• TASK BRIEF
Please restate, exactly, only the lines from the beginning of the listing below through the line containing "فاخر يحمل اسم", with the pictures left out.

• DATA TO EXAMINE
=== Section Start ===

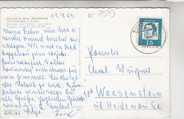 Sulzfeld Gaststätte Burg Ravensburg 1964
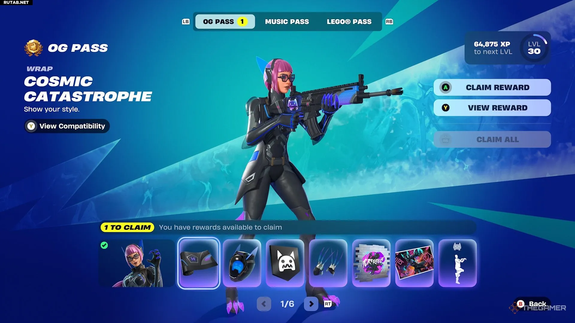 Перейдите во вкладку Пропуски в главном меню лобби и прокрутите вниз, чтобы найти свои пропуски: OG, Музыкальный и Fortnite Lego. Каждый из них будет показывать, готова ли награда к получению. Нажмите и удерживайте, чтобы разблокировать награду, после чего она появится в вашем инвентаре.
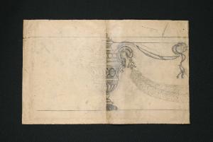 Nel disegno preparatorio, realizzato a matita, è rappresentato un vaso con nastro e una ghirlanda di fiori. Il disegno del vaso, più definito ed accurato nella parte destra del cartoncino, è solo abbozzato nella parte sinistra.
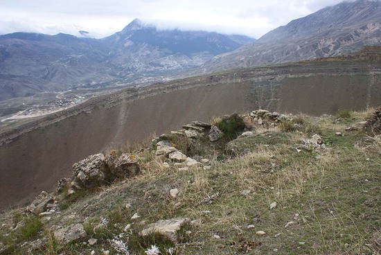 Вдоль всего склона в направлении Тандо нарыты и выложены камнями окопы.
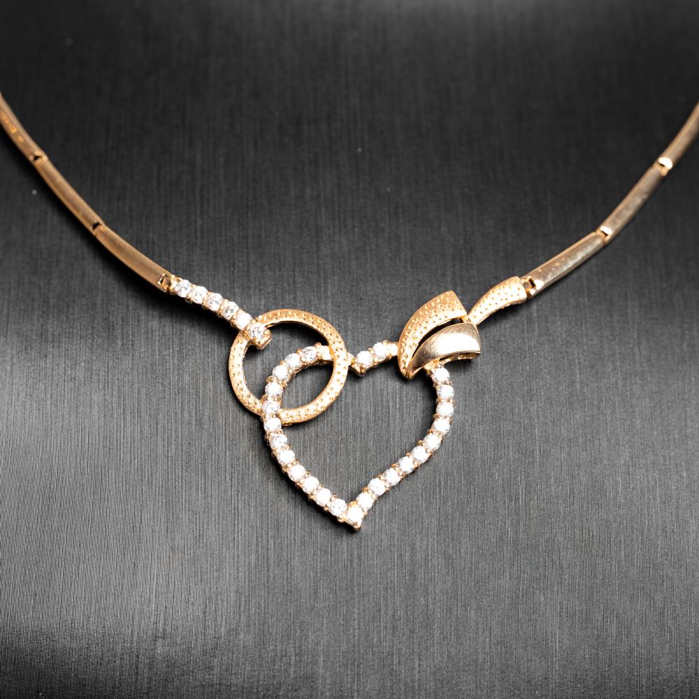 “عقد فاخر يحمل اسم الحب الأبدي، مصمم برقي ليعبر عن أسمى مشاعر الارتباط والتفاني. يتميز بقلب متلألئ يرمز إلى الحب الأبدي، مع تفاصيل ذهبية أنيقة وسلسلة انسيابية تمنح تصميمه لمسة من الجمال الكلاسيكي والعصري. قطعة مثالية للتعبير عن المشاعر العميقة وتخليد اللحظات الخاصة.”
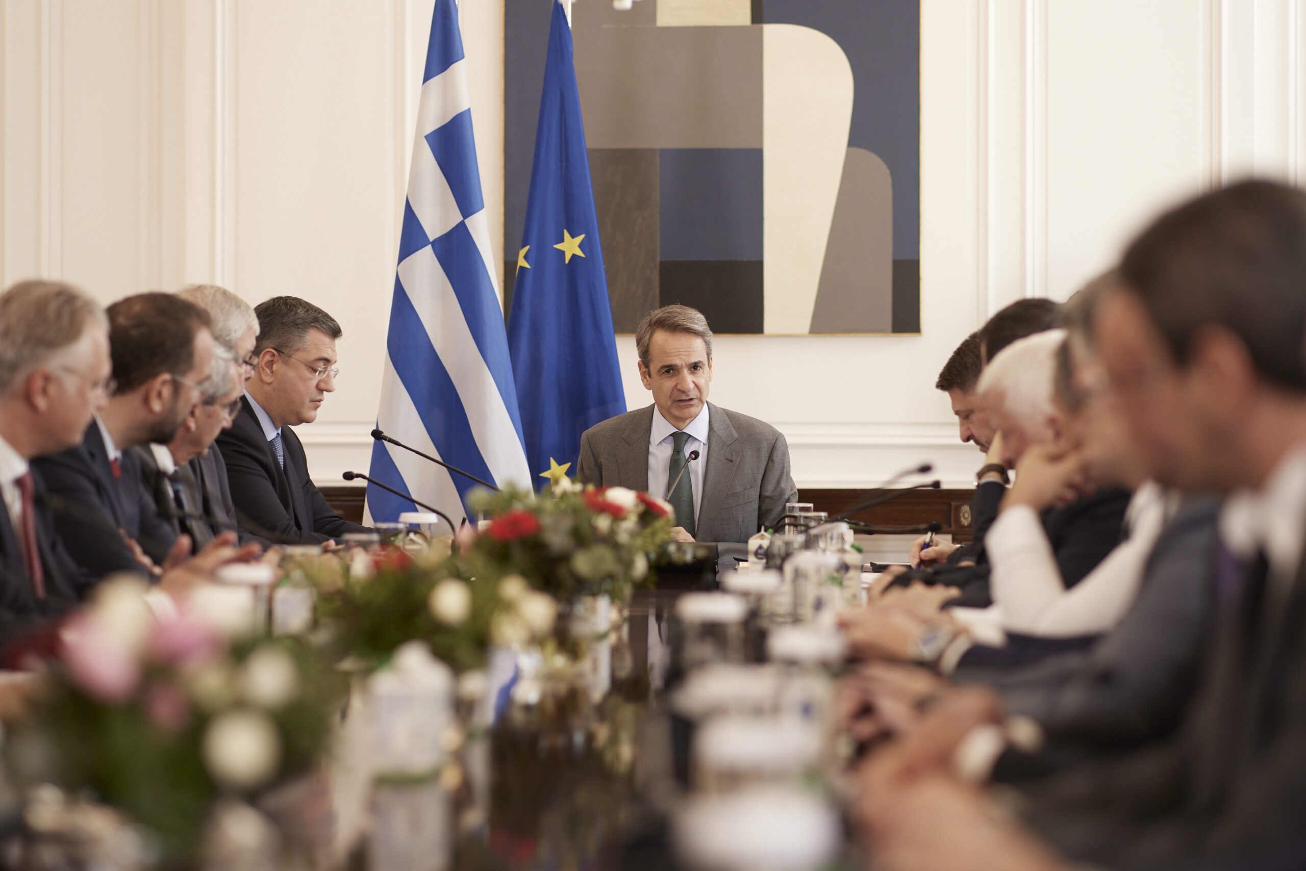 «Συναντιόμαστε σήμερα, λίγες μόλις εβδομάδες μετά την επίσημη ανάληψη των καθηκόντων σας και ακολουθώντας με συνέπεια αυτά τα οποία είχα πει το βράδυ των αυτοδιοικητικών εκλογών, ότι δηλαδή κυβέρνηση και Τοπική Αυτοδιοίκηση, β’ βαθμού εν προκειμένω, έχουν μία υποχρέωση και μόνο, χωρίς δογματισμούς, χωρίς κομματικούς χρωματισμούς: την όσο το δυνατόν καλύτερη συνεργασία μας για τη βελτίωση της ζωής των συμπολιτών μας και την επιδίωξη μίας ποιοτικής περιφερειακής, οικονομικής και κοινωνικής ανάπτυξης. Την ενδυνάμωση της σχέσης των πολιτικών που σχεδιάζουμε και υλοποιούμε, τη μείωση των περιφερειακών ανισοτήτων, αλλά και τη δημιουργία μιας διακριτής αναπτυξιακής στρατηγικής και ταυτότητας για κάθε Περιφέρεια ξεχωριστά. Επίσης, την αποτελεσματικότερη διαχείριση των προκλήσεων από μείζονες εξωγενείς κρίσεις, όπως η κλιματική αλλαγή ή το προσφυγικό ζήτημα, και βέβαια την αποκέντρωση, που αποτελεί μία βασική συνθήκη ισόρροπης ανάπτυξης και ευημερίας κάθε πολίτη, ακόμη κι αν ζει στο πιο απομακρυσμένο σημείο της πατρίδας μας. Το έχουμε πει πολλές φορές, το ασπάζεστε κι εσείς: δεν υπάρχουν Έλληνες διαφορετικών ταχυτήτων και αυτό αφορά τις ανισότητες και εντός των ιδίων των περιφερειών. Για πρώτη φορά πέρυσι θυμάστε ότι επιχειρήσαμε, σε συνεργασία με τις Περιφέρειες -τις προηγούμενες περιφερειακές διοικήσεις που πολλές απ’ αυτές βρίσκονται και σήμερα εδώ στο τραπέζι- μία αναλυτική αποτύπωση όλων των έργων και των συνεκτικών δράσεων που σχεδιάζονται και υλοποιούνται σε 12 Περιφέρειες -η Αττική είναι μία ξεχωριστή κατηγορία- από όλους τους αρμόδιους φορείς. Πρόθεσή μας ήταν να αναδείξουμε τις προτεραιότητες, την ανάγκη ορθολογικής κατανομής πόρων, τα συγκριτικά πλεονεκτήματα αλλά και εκείνα τα πεδία τα οποία απαιτούν μεγαλύτερη στήριξη, μεγαλύτερη ενίσχυση και κοινό σχεδιασμό. Αξιοποιώντας αυτό το εμπεδωμένο πια, θα έλεγα, πλαίσιο συνεργασίας της κυβέρνησης με τις Περιφέρειες και υπό τον συντονισμό της Προεδρίας της Κυβέρνησης, του Υπουργού κ. Σκέρτσου, δημιουργείται ένα συνεκτικό πλέγμα έργων και πολιτικών σε τοπικό, περιφερειακό αλλά και σε εθνικό επίπεδο, έτσι ώστε να εξυπηρετείται η περιφερειακή, οικονομική και κοινωνική ανάπτυξη με την επικαιροποίηση των περιφερειακών σχεδίων, κάτι στο οποίο συμβάλλετε και εσείς ήδη. Ταυτόχρονα, ενδυναμώνουμε και πυκνώνουμε τη μεταξύ μας συνεργασία με τη βοήθεια ενός σταθερού μηχανισμού παρακολούθησης των περιφερειακών σχεδίων αλλά και της εξέλιξης όλων των έργων που υπάγονται στην εποπτεία της Προεδρίας της Κυβέρνησης. Αυτό πάντα σε συνεργασία με όλα τα συναρμόδια Υπουργεία και θα έλεγα ειδικά τα Υπουργεία Οικονομικών, Εσωτερικών και Υποδομών. Ο στόχος μας μέσω των περιφερειακών αναπτυξιακών σχεδίων είναι, όπως είπα και πριν, η διαμόρφωση μιας συνεκτικής στρατηγικής περιφερειακής, οικονομικής αλλά και κοινωνικής ανάπτυξης. Ενός εθνικού παραγωγικού μοντέλου που θα εξασφαλίζει τη βιωσιμότητά του απέναντι σε τρέχουσες αλλά και απέναντι σε διαβλεπόμενες προκλήσεις και κρίσεις. Μπορούμε να επικεντρώσουμε τις πολιτικές μας σε ειδικότερα πεδία, όπως η ορεινότητα, όπως η νησιωτικότητα, αλλά και σε συγκεκριμένους τομείς πολιτικής, όπως η απασχόληση, η πολιτική προστασία, οι επενδυτικές ευκαιρίες, η επιστροφή των νέων, η ενίσχυση των κοινωνικών πολιτικών. Αλλά η ενδυνάμωση των Περιφε

=== Section End ===

• SOLUTION
 Sulzfeld Gaststätte Burg Ravensburg 1964
 Перейдите во вкладку Пропуски в главном меню лобби и прокрутите вниз, чтобы найти свои пропуски: OG, Музыкальный и Fortnite Lego. Каждый из них будет показывать, готова ли награда к получению. Нажмите и удерживайте, чтобы разблокировать награду, после чего она появится в вашем инвентаре.
 Nel disegno preparatorio, realizzato a matita, è rappresentato un vaso con nastro e una ghirlanda di fiori. Il disegno del vaso, più definito ed accurato nella parte destra del cartoncino, è solo abbozzato nella parte sinistra.
 Вдоль всего склона в направлении Тандо нарыты и выложены камнями окопы.
 “عقد فاخر يحمل اسم الحب الأبدي، مصمم برقي ليعبر عن أسمى مشاعر الارتباط والتفاني. يتميز بقلب متلألئ يرمز إلى الحب الأبدي، مع تفاصيل ذهبية أنيقة وسلسلة انسيابية تمنح تصميمه لمسة من الجمال الكلاسيكي والعصري. قطعة مثالية للتعبير عن المشاعر العميقة وتخليد اللحظات الخاصة.”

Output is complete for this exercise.